Pretraining data of released source models.
Hi,
Amazing work! I'm just curious about the pretraining dataset used for experiments on Kinetics-50C. Is the original CAV-MAE model completely fine-tuned on Kinetics-50 or are the CAV-MAE weights, initialized from VGGSound, fixed with "only" the classifiers being fine-tuned?
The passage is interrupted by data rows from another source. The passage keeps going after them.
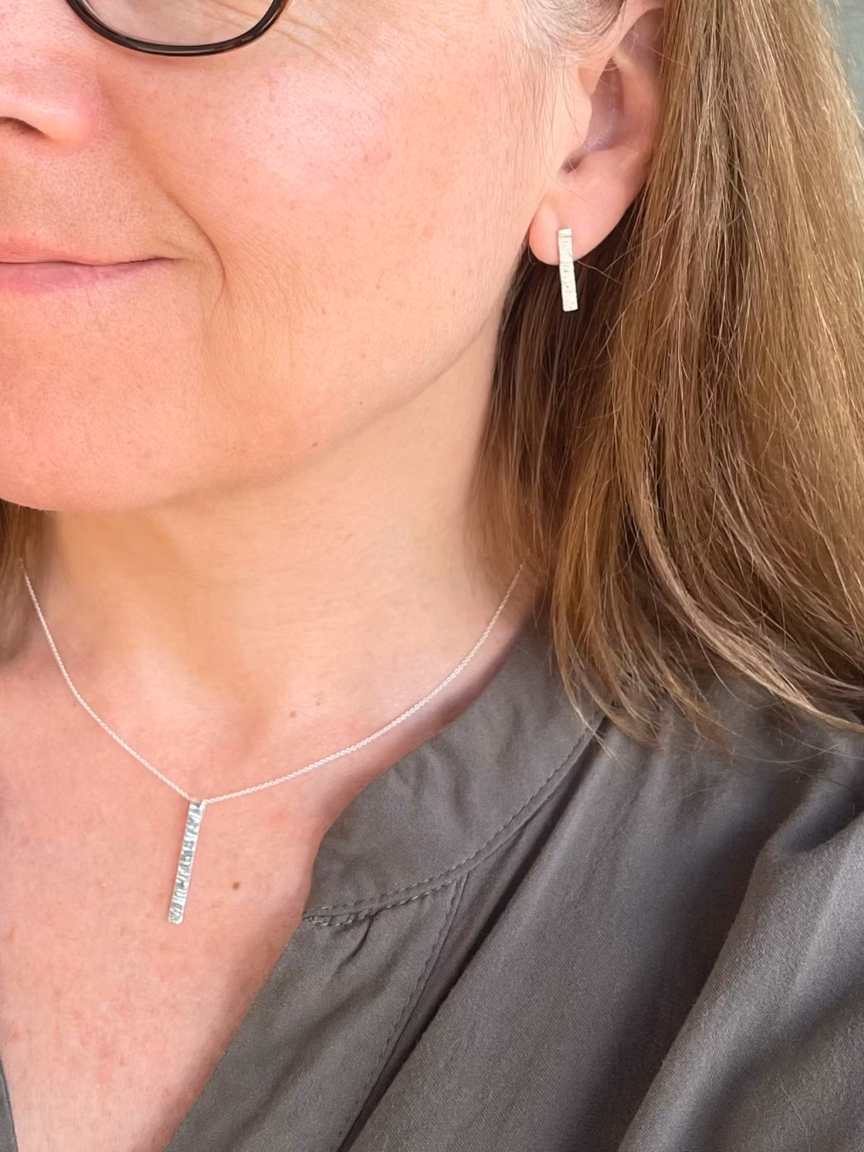 Stilrent halsband med raka linjer och så elegant i sin enkelhet! Hänget är ca 4cm långt och 3 mm brett och finns j två olika utföranden. Ett med små runda hammarslag likt böljor och ett med smala streck som glittrande krusningar på vattenytan. Kombinera gärna med matchande örhängen.
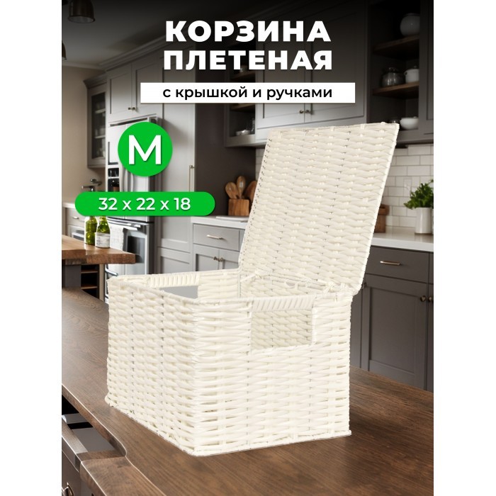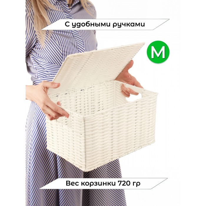 Корзина плетеная с/крыш M 320*220*180-mpl-fbo иск/ротанг, белый 265524
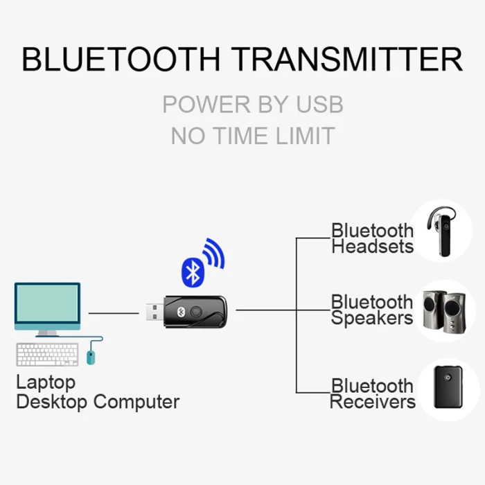 3.Совместимость: После подключения продукта к компьютеру, он поддерживает подключение к аудиоприборам Bluetooth, таким как bluetooth-гарнитуры, bluetooth-колонки,Bluetooth-аудиоприемник и т. д., не поддерживает usb-устройства, такие как TV, колонки, усилители и т. д.
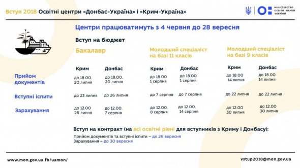 Абітурієнти з окупованого Донбасу і Криму можуть вступати до українських вузів через освітні центри. Вони працюють з 4 червня. До центру "Крим-Україна" належать 35 вищих навчальних закладів. До "Донбас-Україна" – 22.

I don't understand this statement in the Appendix (for both datasets) - "During the fine-tuning phase, we maintain the visual and audio encoders of the pre-trained model and add one randomly initialized classification head upon them." What are the pre-trained model weights here?
Hi,
We just followed the finetuning pipeline of CAV-MAE on the VGGSound dataset to get cav_mae_ks50.pth. The main modification is that I replaced the label weight file (NOTE: not model weight) with the one from the KS50 dataset. For usage, you can directly access the finetuned checkpoint that has been uploaded.
Therefore, following CAV-MAE, the pre-trained weights for VGGSound and Kinetics50 fine-tuning are inherited from CAV-MAE Pretrained Model "cav-mae-scale++". The fine-tuning dataset used for experiments on Kinetics-50C are detailed on Appendix B in our paper. You can find the json file for the dataset in link.